We conclude that the letter sent to petitioners by Revenue Agent Krstulja and the IDR attached to it are more persuasive evidence of the date the examination in this case commenced. Accordingly, section 7491(c) applies to this case as the examination commenced after July 22, 1998. See Higbee v. Comm'r, supra.
B. Section 6651(a)(1)
Respondent determined that petitioners are liable for an addition to tax pursuant to section 6651(a)(1) for 1995, 1996, and 1997. Section 6651(a)(1) imposes an addition to tax for failure to file a return on the date prescribed (determined with regard to any extension of time for filing), unless such failure is due to reasonable cause and not due to willful neglect.
1. 1995
Petitioners signed their 1995 tax return on July 3, 1997, and respondent received their 1995 return on July 14, 1997. Accordingly, respondent met his burden of production for the section 6651(a)(1) addition to tax for 1995. Petitioners have not established that their failure to timely file for 1995 was due to reasonable cause. See Higbee v. Comm'r, supra at 446-447. Accordingly, petitioners are liable for the section 6651(a)(1) addition to tax for 1995.
2. 1996 and 1997
Petitioners' 1996 and 1997 returns submitted to the Court bear no "received" stamp, and the date block is blank. No other evidence was submitted regarding when these returns were filed. We conclude that respondent has failed to meet his burden of production for the section 6651(a)(1) addition to tax for 1996 and 1997. Accordingly, petitioners are not liable for the section 6651(a)(1) addition to tax for 1996 and 1997.
C. Section 6662
Pursuant to section 6662(a), a taxpayer may be liable for a penalty of 20 percent on the portion of an underpayment of tax (1) attributable to a substantial understatement of tax or (2) due to negligence or disregard of rules or regulations. Sec. 6662(b). Whether applied because of a substantial understatement of tax or negligence or disregard of rules or regulations, the accuracy-related penalty is not imposed with respect to any portion of the underpayment as to which the taxpayer acted with reasonable cause and in good faith. Sec. 6664(c)(1). The decision as to whether the taxpayer acted with reasonable cause and in good faith depends upon all the pertinent facts and circumstances. See sec. 1.6664-4(b)(1), Income Tax Regs.
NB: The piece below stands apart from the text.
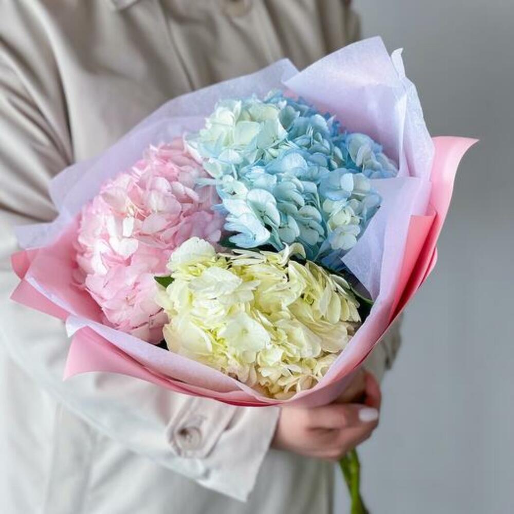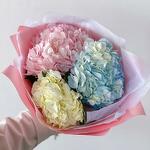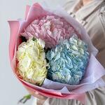 Celebrate the beauty of nature with our bouquet of 3 multicolored hydrangeas. Each bloom showcases a unique hue, creating a vibrant and harmonious display. Arranged with care, this bouquet brings a burst of color and joy to any space, making it an ideal gift for any occasion.

Negligence includes any failure to make a reasonable attempt to comply with the Internal Revenue Code. Sec. 6662(c). Respondent established that petitioners failed to maintain records as required by section 6001 and failed to substantiate items properly. Sec. 1.6662-3(b)(1), Income Tax Regs. Accordingly, respondent met his burden of production for the section 6662 penalty for the years in issue.
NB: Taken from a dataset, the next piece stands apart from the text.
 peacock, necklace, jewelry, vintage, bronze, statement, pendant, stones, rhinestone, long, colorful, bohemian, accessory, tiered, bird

Petitioners failed to establish that they had reasonable cause or acted in good faith in failing to maintain records for, and failing to substantiate, Schedule C expenses for the years in issue or for understating their gross receipts for 1995. Accordingly, petitioners are liable for the section 6662(a) penalty for 1995, 1996, 1997, and 1998.
To reflect the foregoing,
Decision will be entered under Rule 155.